As was my wont as a teenager in Rockingham, I’d broken into the gym at Leak Street School for about the 892nd time to work on the basketball skills that would surely take me to riches and fame.
As was his wont, school principal J.C. Watkins showed up and chased my mates and me out. While fleeing, we wondered aloud why he didn’t just let us have the run of the gym and spend our whole lives in there.
My answer?
“He’s an Uncle Tom.”
To my everlasting shame, he heard me.
“That’s alright, Barry,” he replied without rancor, picking out my distinctive drawl from the din of the other voices. “I’ll be an Uncle Tom, but one day you’re going to find out there’s more to life than basketball.”
What nonsense, I thought. There will never be anything in the world more important than basketball.
Having now not attempted a jump shot in two months — and before that two years — I can attest that Mr. Watkins was right: There are more important things in life than basketball.
Here’s something else to which I can attest: There has never been a more important human being in the history of Richmond County than James Clyde Watkins.
He died Monday at 100, but not before leaving a mark on Richmond County that I’m betting will never be surpassed.
He was an educator for 43 years and principal of Leak Street School when it ran from the first through 12th grades. He later served as the first Black city council member and the second Black county commissioner.

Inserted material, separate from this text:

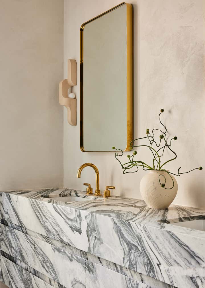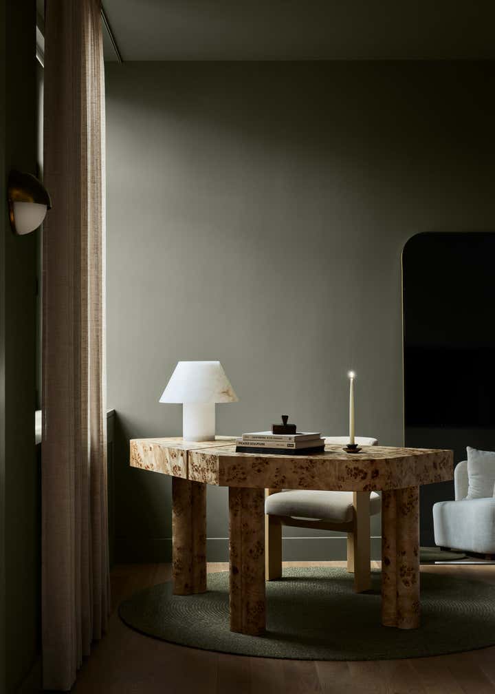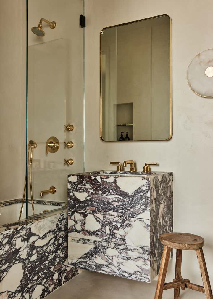 The light, sociable free-flow of the living and entertaining areas are in sharp contrast to the enveloping privacy of the studious work area with its dark, muted tones, whilst the bewitching marble in the principal bathroom makes a bold statement against the pared back lime washed walls and delicate, feminine lighting.

And to think, he did all of that while having to navigate between knuckleheads like me on one side who didn’t appreciate the educational opportunities he helped create for us and forces on the other side that saw no need for us to be educated at all.
My education began in a beloved segregated school (It’s OK to say that, isn’t it?) and finished at an integrated one. Richmond Senior High School, from which I graduated, was a steel, brick and glass architectural marvel when it opened in 1973, and I met people there of different races who remain cherished friends five decades later.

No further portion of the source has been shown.